DATA BLOCK:
——————

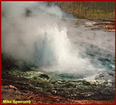 | The above picture shows the large overflow and upwelling at the start of the eruption. Note the copious water covering the entire platform and washing down the runoff channels. |
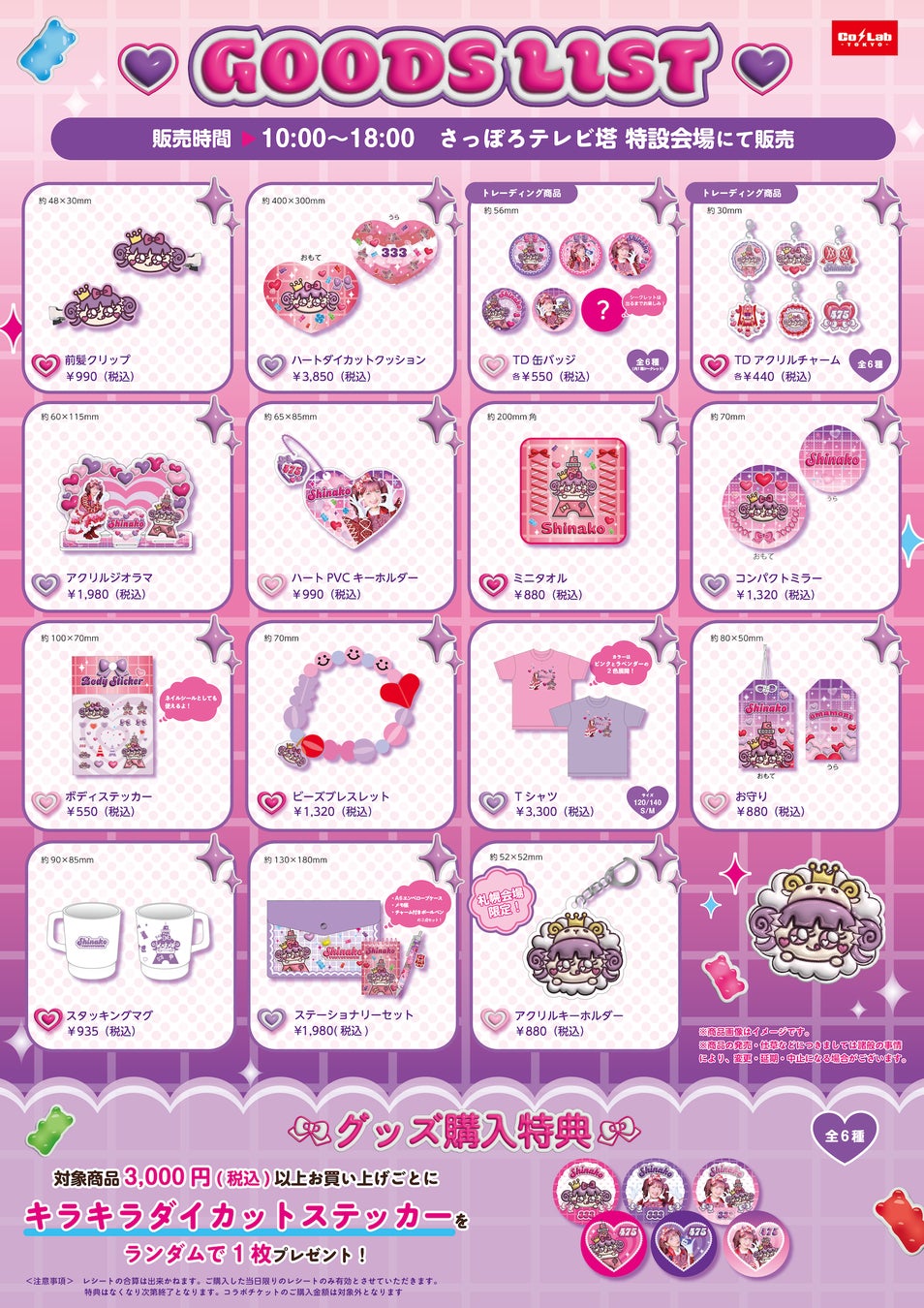 「さっぽろテレビ塔特設会場」では、しなこの撮り下ろされた写真と新規イラストを使用した限定コラボグッズを販売致します。(全15アイテム25種類)本イベントでしか手に入らないエリア限定デザインのグッズも販売いたします。開催期間中は1会計3,000円(税込)ご購入毎に、【キラキラ大カットステッカー】1枚をプレゼントいたします。
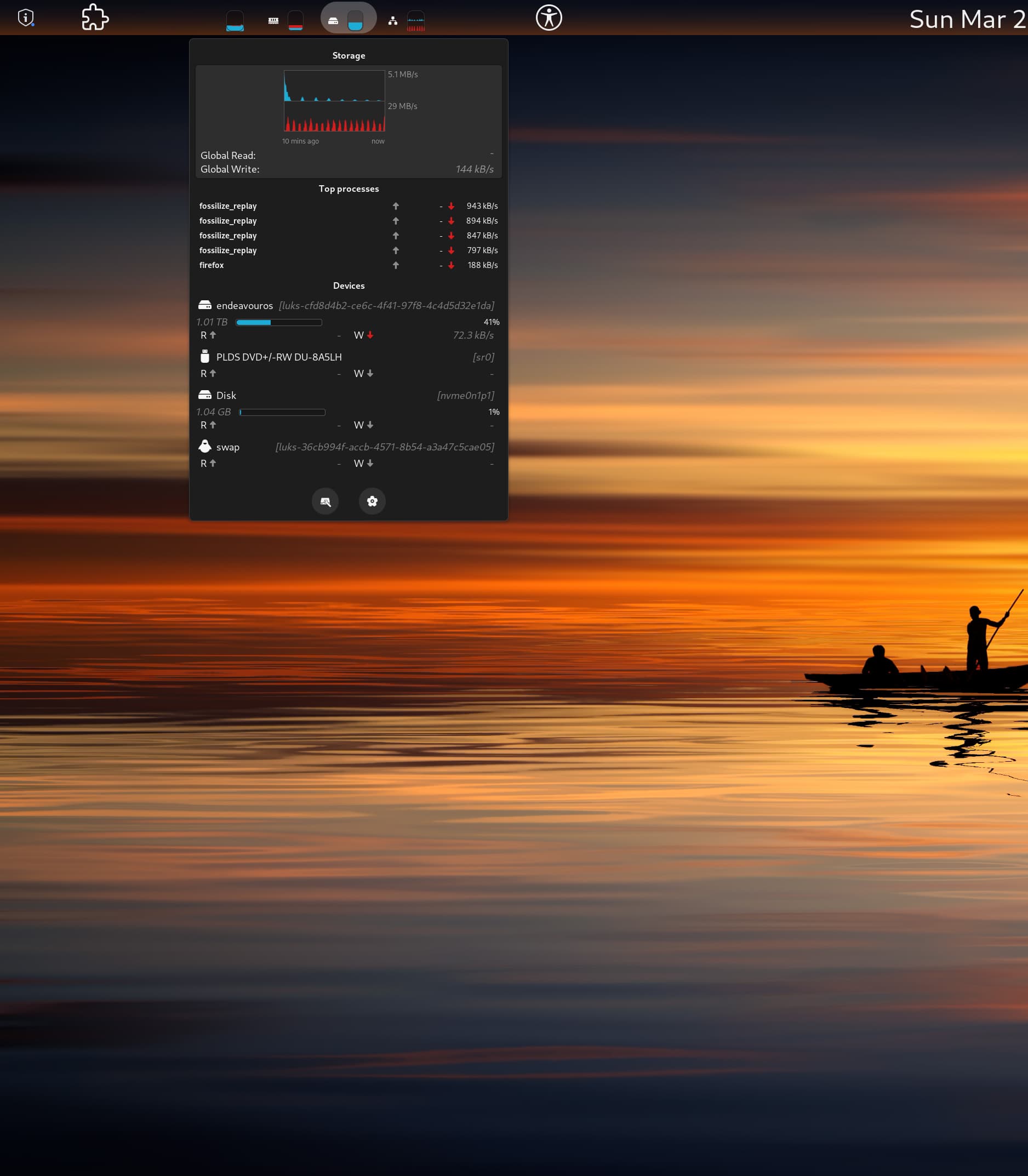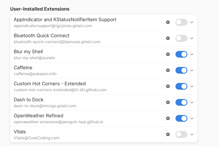 I updated EOS today, and it updated to Gnome 46.0. That explains why my extensions went bonkers. Most are DOA now. Fortunately Dash to Panel still works, and I found a nice system monitor for the top panel though. Mouse-over the icons on panel, and drop-downs appear.
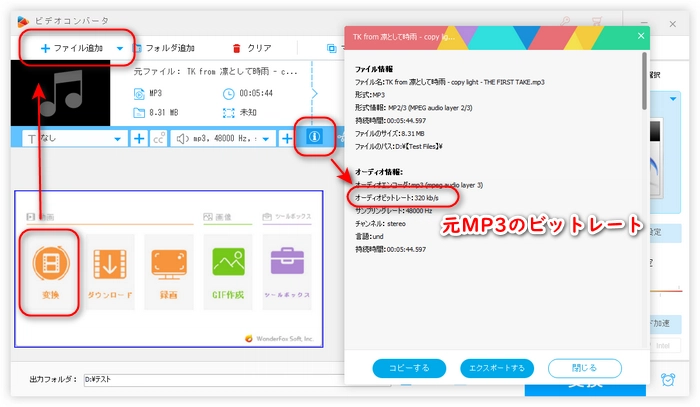 ファイルを読み込まれたら、ツールバーにある「i」のようなアイコンをクリックすれば元MP3ファイルのビットレートなどの情報を確認できます。

——————

WHAT TO WORK ON:
Return, exactly and without extra lines, everything from the line with "I updated EOS" through the last line of the material above, both included. Pictures must be dropped.

TASK ANSWER:
 I updated EOS today, and it updated to Gnome 46.0. That explains why my extensions went bonkers. Most are DOA now. Fortunately Dash to Panel still works, and I found a nice system monitor for the top panel though. Mouse-over the icons on panel, and drop-downs appear.
 ファイルを読み込まれたら、ツールバーにある「i」のようなアイコンをクリックすれば元MP3ファイルのビットレートなどの情報を確認できます。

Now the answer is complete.